There was an excellent dinner prepared at the house, for which Nadine withdrew her "order" to go out for Mexican food. There was pulled pork (actually delicious), meat loaf, chicken casserole, potato salad, boiled potatoes, salad, the works, plus apple pie, prepared by a large squad of cheerful cooks. Nadine, Erek and I ate on the deck so she could remove her mask, with the sun low enough so she could go maskless.

AFter dinner we went to the downstairs lounge and played "Settlers" -- Erek won this time. Afterwards, Erek and Nadine did stuff together, and I went upstairs and called Hope, a fiddler I enjoy playing music with. I feel ready to think more about music again, even if I'm not ready to travel for it yet.

I went to bed after that and Erek and Nadine did so too.

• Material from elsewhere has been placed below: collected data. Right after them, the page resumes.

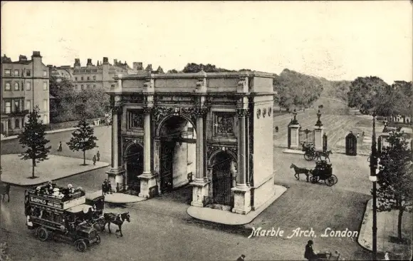 Ak London City England, Marble Arch, Torbogen, Platz, Pferdekutschen, Auto
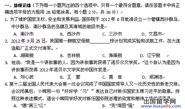 一次考试不是一次重大命运转折,只是一次对知识掌握程度的评测。为了能给大家第一时间内分享中考政治试题的相关信息,出国留学网会及时更新出所需要的信息资料,供2014年湘潭中考考生们为复习做准备,请届时关注。(CTRL+D即可收藏)
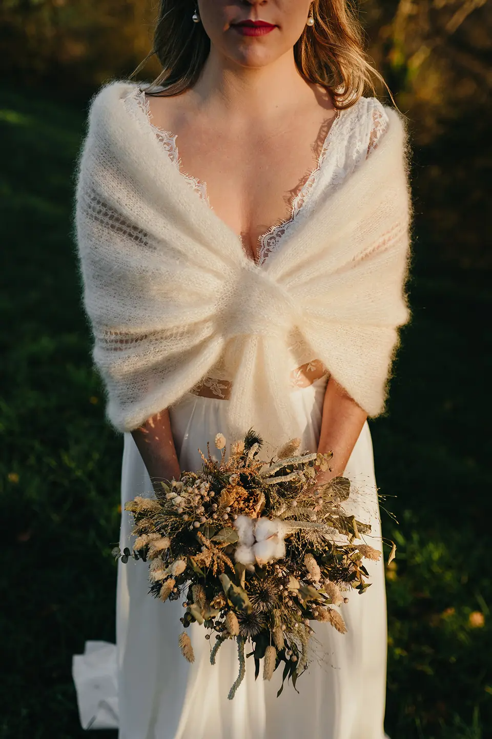 ملحق ضروري للسيدات اللواتي اخترن فستان زفاف بقصة واسعة أو بتنورة منفوشة، حيث يضمن الدفء والأناقة خاصة إذا قمت باختيار موديل مزين بالدنتيل الناعم على أن يكون باللون الأبيض.
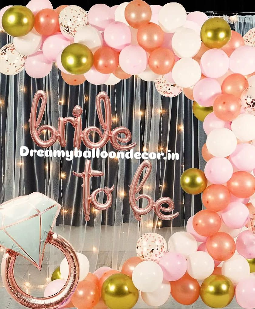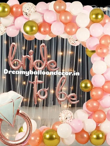 I design picture-perfect backdrops for 'Bride to Be' parties and bachelorettes. Setups include balloon arches, shimmery curtains, custom foil letters, and fun props like giant ring or champagne bottle balloons in themes like rose gold, classic black and gold, or any color you choose.
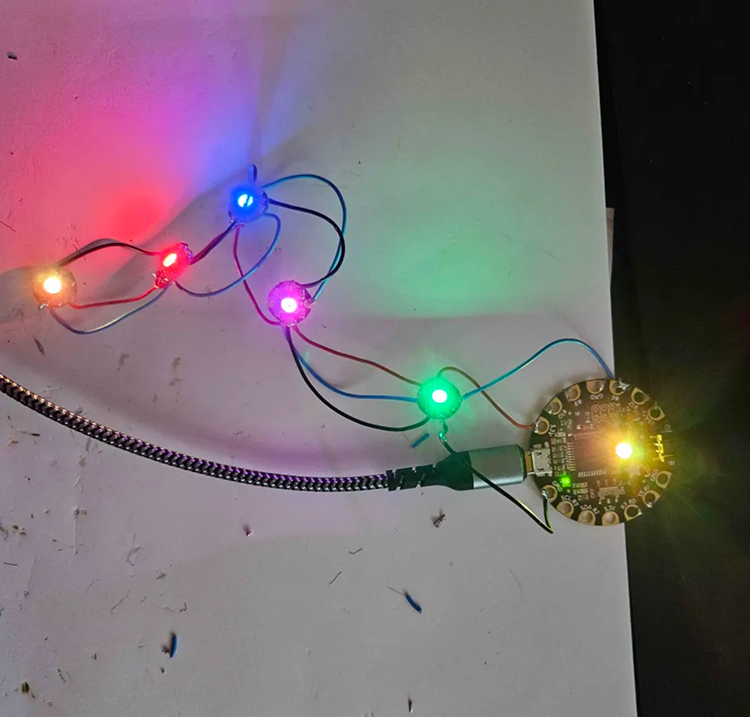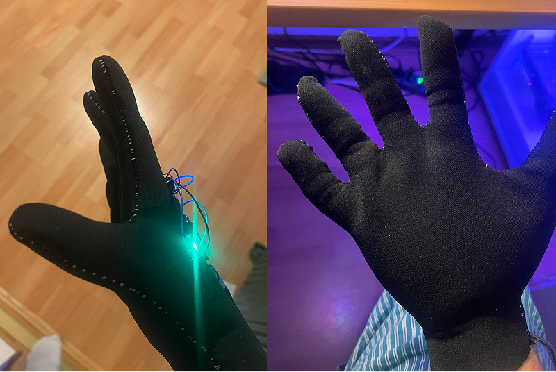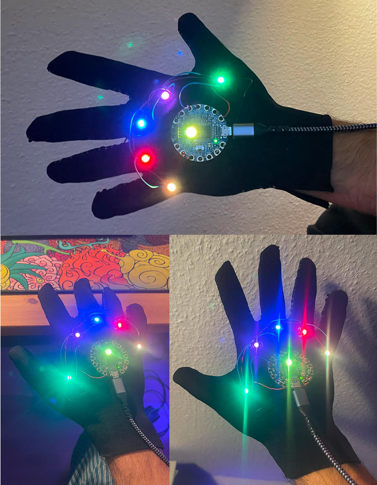 Für die Infinity Steine haben wir eine Adafruit Flora mit fünf Neopixeln verwendet. Dabei haben wir die Arduino IDE genutzt, um die passenden Farben an den Fingern zu programmieren und zu platzieren. Die Adafruit Platine wurde anschließend auf dem Handrücken befestigt und angenäht.

Day 32, The Big Day Looming

Day 32 is Tuesday June 30th. The "big day", the end of the glorious hospital-free vacation interlude. Also it's the end of the "first phase" of chemo. Nadine gets a bone marrow biopsy to see if she looks in remission. The biopsy will determine the "minimal residual disease" (MRD) level, which is the comparison of number or concentration of leukemia cells remaining in her bone marrow compared to the the number or concentration of leukemia cells found in the marrow when she was first admitted to the hospital. It's a seriously important figure.

If Nadine's immediate levels suggest remission, she'll be immediately admitted to the hospital and given another enormously powerful round of chemo -- she'll be "in" for perhaps 4 to 6 days, but it will be a very intense round of chemo in her vein and in spinal cord. Doxyrubicin and dexrazoxane and methatrexate, the works, plus her usual vincristine. Nasty nasty nasty in the service of healthy.

She looks and acts pretty normal and has lots of energy, and her blood counts are up around normal, after what is called "zero-ing out" that happened perhaps 2 weeks ago. She had serious malaise before. The nest round of chemo is expected to drop her "counts" again about a week from tomorrow. There will be many chemo cycles over her 2-year treatment period -- chemo administered, blood counts dropped, time allowed for the blood counts to rise, then chemo again.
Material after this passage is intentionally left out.